Dáil debates

Thursday, 27 November 2008

Motor Vehicle (Duties and Licences) (No. 2) Bill 2008: Second Stage (Resumed)

 

1:00 pm

Photo of Tommy BroughanTommy Broughan (Dublin North East, Labour)

I was glad to hear the Minister state in his contribution that he is still considering bringing forward legislation to abolish the county manager and city manager systems and to have what would be effectively elected managers. I hope that ambition will be realised, although it is fair to say it is likely the Government will not survive. There are many other areas of this Minister's administration, particularly in regard to building regulations, on which he has been gravely deficient.

On the Bill before the House, it is fair to say that motorists and commuters were hammered under the 2009 budget, with the spiralling cost of petrol and diesel imposing a heavy financial burden on households. In addition, the Bill facilitates the increase in motor tax of 4% for cars below 2.5 litres and 5% for cars above that.

The area covered in the Bill is part of a wide range of extra charges and taxes that are imposed under the 2009 budget, including the VAT increases, the 1% levy, the €200 urban car parking tax and the air travel tax. The combined impact of those increases are having a detrimental impact on commuters and workers. It has been noted that at least 2,000 jobs are at risk in the car industry, with a massive downturn in sales.
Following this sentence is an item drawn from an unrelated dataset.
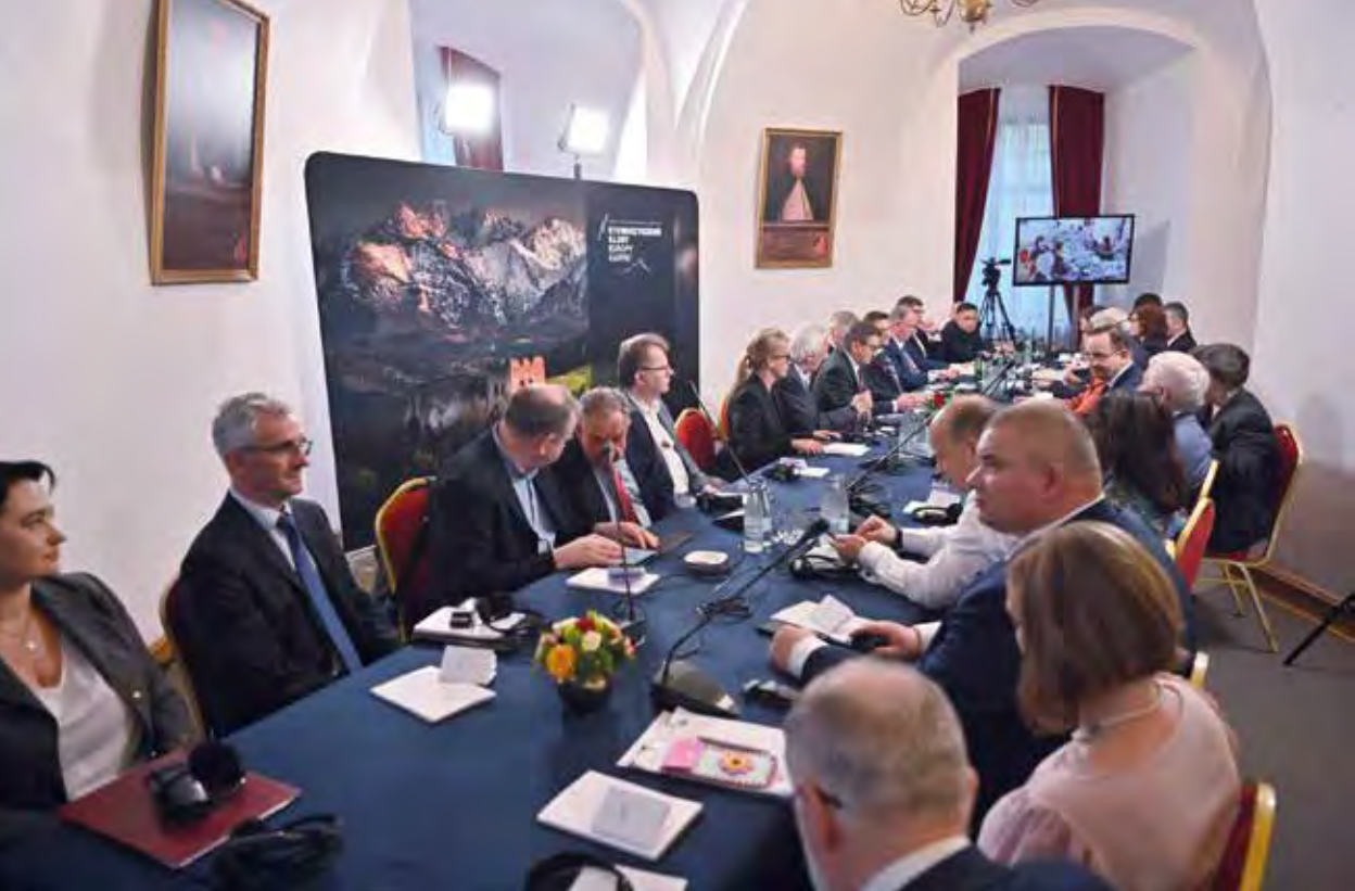
Spotkanie Stowarzyszenia „Kluby Europy Karpat”, Krasiczyn, 13 maja 2022 r.

wypracowania wspólnej strategii dla Karpat, która wykorzystując atuty tego obszaru, pozwoliłaby przezwyciężyć jego słabości.

I welcome the initial introduction of changes to the vehicle registration tax and the tax regime to incentivise the purchase of lower emissions vehicles as laid out in section 3. That is particularly important given the huge increase in transport CO2 emissions in the 15 years to 2006 of nearly 170% and the major dependence on cars.

I note that the rebalancing of motor taxes and fuel economy labelling at most will lead to a reduction in transport emissions of just 0.05 Mt CO2 equivalent. It appears many measures have been brought forward which will have a limited impact.

Many constituents and motorists across the country had been ahead of the game in purchasing lower emissions vehicles before this legislation was introduced and they feel hard done by as they were left paying a higher rate than a new lower emissions car registered after 1 July 2008. There have been other suggestions that given the scale of reduction in transport carbon emissions needed we should consider wider reforms that would amalgamate the current duplicate VRT and motor tax into one tax that is entirely based on the car's level of CO2 emissions.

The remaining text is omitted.